Saturday, March 17 , 2018, 2:16 pm | A Few Clouds 59º


Schools Play Lead Role in Preventing Youth Violence

Districts engaging multiple levels of community resources to keep students and campuses safe.

For almost a year, our community has been grappling with the subject of youth violence, beginning last March when a wave of stabbings began, two of them fatal. It shouldn’t happen here. It shouldn’t happen anywhere. But it has.

Prevention, intervention and enforcement are all necessary, but only through people working together will we solve the problem.

Our Santa Barbara School Districts’ efforts began long before the current rise of youth violence. For years we have worked with law enforcement in monthly gang task force meetings. The sheriff’s and police departments have provided school resource officers on our campuses. We have staff campus safety supervisors on secondary campuses and recently increased their salaries and provided new safety trainings.

We inform all students and their families of the school code of conduct, rules and consequences for negative behaviors, and our zero-tolerance policies. We communicate with parents in English and Spanish. Clear expectations and swift disciplinary actions are important and they support other strategies, such as reporting policies, linking students and families to school and community resources, and providing opportunities for dialogue and conflict resolution. Our board of trustees regularly updates policies on student conduct, student dress code, gangs, discipline, suspension and expulsion, nondiscrimination and harassment.

But people have always been key to our efforts. Our staff works to connect with students and engage them in classrooms, programs, clubs and activities. Every staff member knows that he or she shares the responsibility for monitoring and for action. As a result, our sites have been successful and we have had relatively few incidents on school campuses.

We have safe school committees and a staff incident response team at each school. We have provided staff trainings on gang awareness education; reduced truancy rates; encouraged staff and students to support diversity and equity awareness; implemented anti-bullying programs, character education programs, conflict resolution and peer mediation; and added a drug prevention program and other school-based activities to inform parents about gang issues, bring students together, and engage at-risk youth.

Youth violence will only be solved by caring people who embrace would-be gang members and direct them to better choices. We benefit from local programs that work directly with gang members. We have an ongoing collaboration with the Anti-Defamation League, Beyond Tolerance and Just Communities. We have youth services specialists from the Council on Alcoholism and Drug Abuse’s Fighting Back program on our campuses and counselors from the Family Service Agency.
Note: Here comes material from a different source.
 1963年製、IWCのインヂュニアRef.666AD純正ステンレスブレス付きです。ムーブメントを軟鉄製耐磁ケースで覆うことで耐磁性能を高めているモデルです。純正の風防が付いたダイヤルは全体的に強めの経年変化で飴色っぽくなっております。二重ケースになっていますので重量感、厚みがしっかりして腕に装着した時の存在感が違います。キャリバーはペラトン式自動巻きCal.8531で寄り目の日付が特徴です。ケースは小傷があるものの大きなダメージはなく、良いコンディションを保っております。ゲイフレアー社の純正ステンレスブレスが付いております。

Fortunately, national experts on gang violence are here in the community and their work is important to our efforts. There are hundreds of youth-serving organizations throughout the community working to keep students productively involved in adult-led activities. Chief among them is the Santa Barbara Parks & Recreation Department, which does an outstanding job in providing after-school programs for youth and has created a jobs program.

Last March, within an hour of the fatal stabbing on State Street, I met with our secondary principals to eliminate upcoming minimum days; review our nontolerance of gang dress, gang symbols and gang behavior; authorize dog sweeps on an incident basis; prepare to meet the emotional needs of students; and plan meetings with law enforcement. The city immediately increased school resource officer support, expanded after-school and Police Activities League activities, and changed MTD bus routes.
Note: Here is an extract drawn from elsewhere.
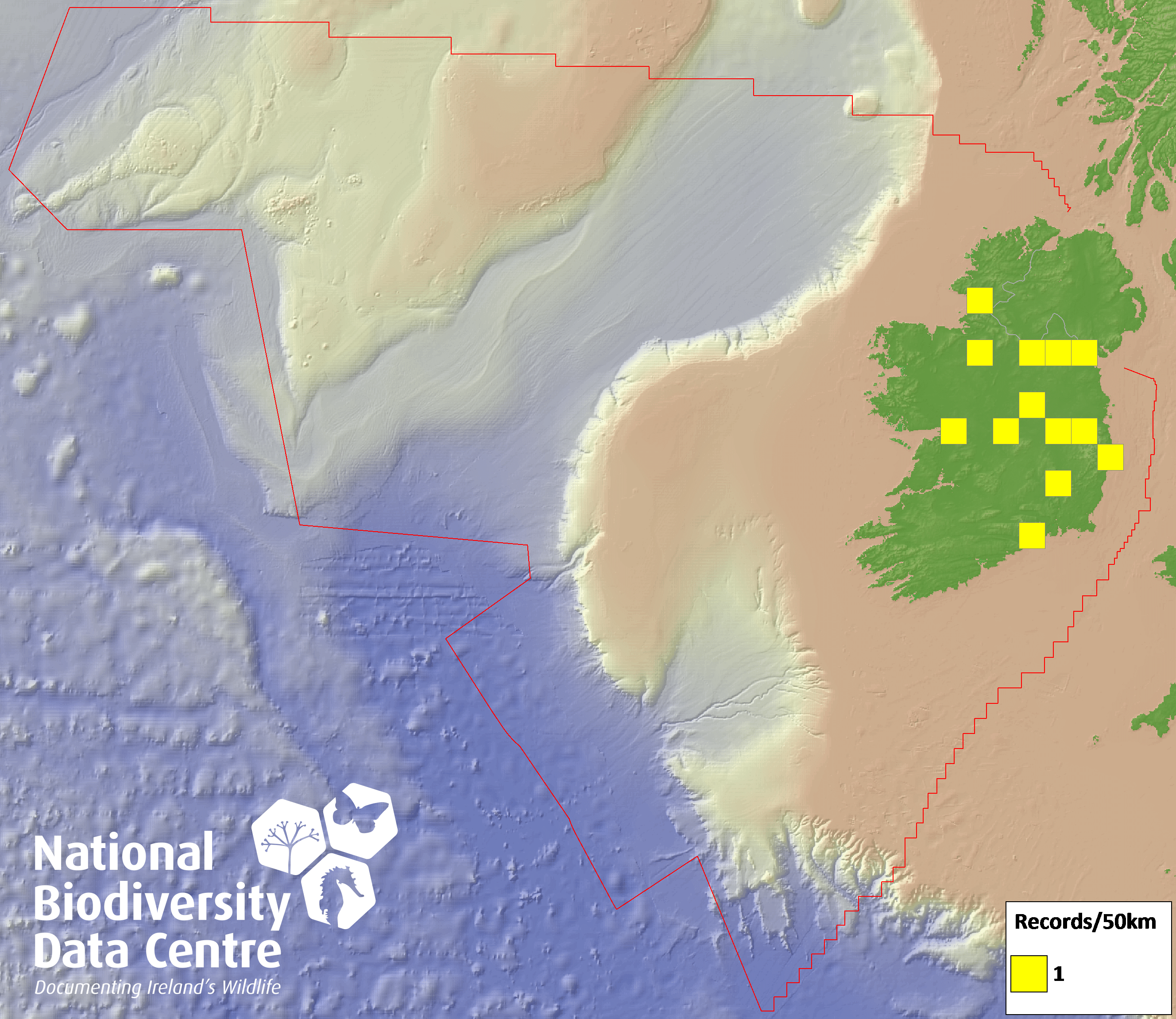 Distribution of the number of records recorded within each 10km grid square (ITM).Marine Map - 50km

Last spring, we stepped up efforts to work with community agencies and nonprofit organizations. We scheduled presentations by gang resource Richard Ramos, reaching thousands of students, parents and staff members.

This year, we reinstituted a new program for the few juveniles with multiple arrest records who are serious habitual offenders, and we secured probation officer presence on school campuses. The city has started a new partner program to bring more youth serving-organizations onto our campuses after school and provide increased job opportunities. We do not see guns on our campuses, but we continue to strengthen our safe school programs, including pursuing grants to hire gang prevention specialists and expand parenting programs.
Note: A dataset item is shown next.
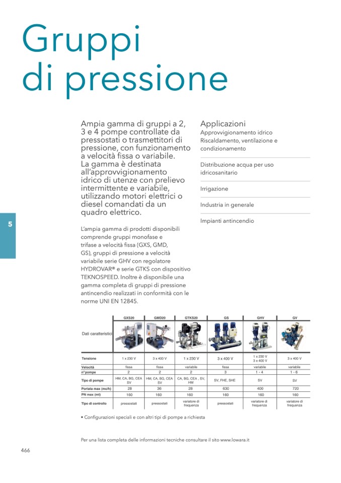 Per una lista completa delle informazioni tecniche consultare il sito www.lowara.it

We applaud the current city stakeholder meetings to foster improved communication, coordination and collaboration among the many organizations that serve at-risk youth.

We still have far to go. To be more successful, we believe we need people on the street working directly with those at the core of gang activity, the kids who are most susceptible to gang involvement, and their families. But we have tremendous community resources and we know that our collective determination to stem youth violence will prevail.

Dr. Brian Sarvis is superintendent of the Santa Barbara School Districts.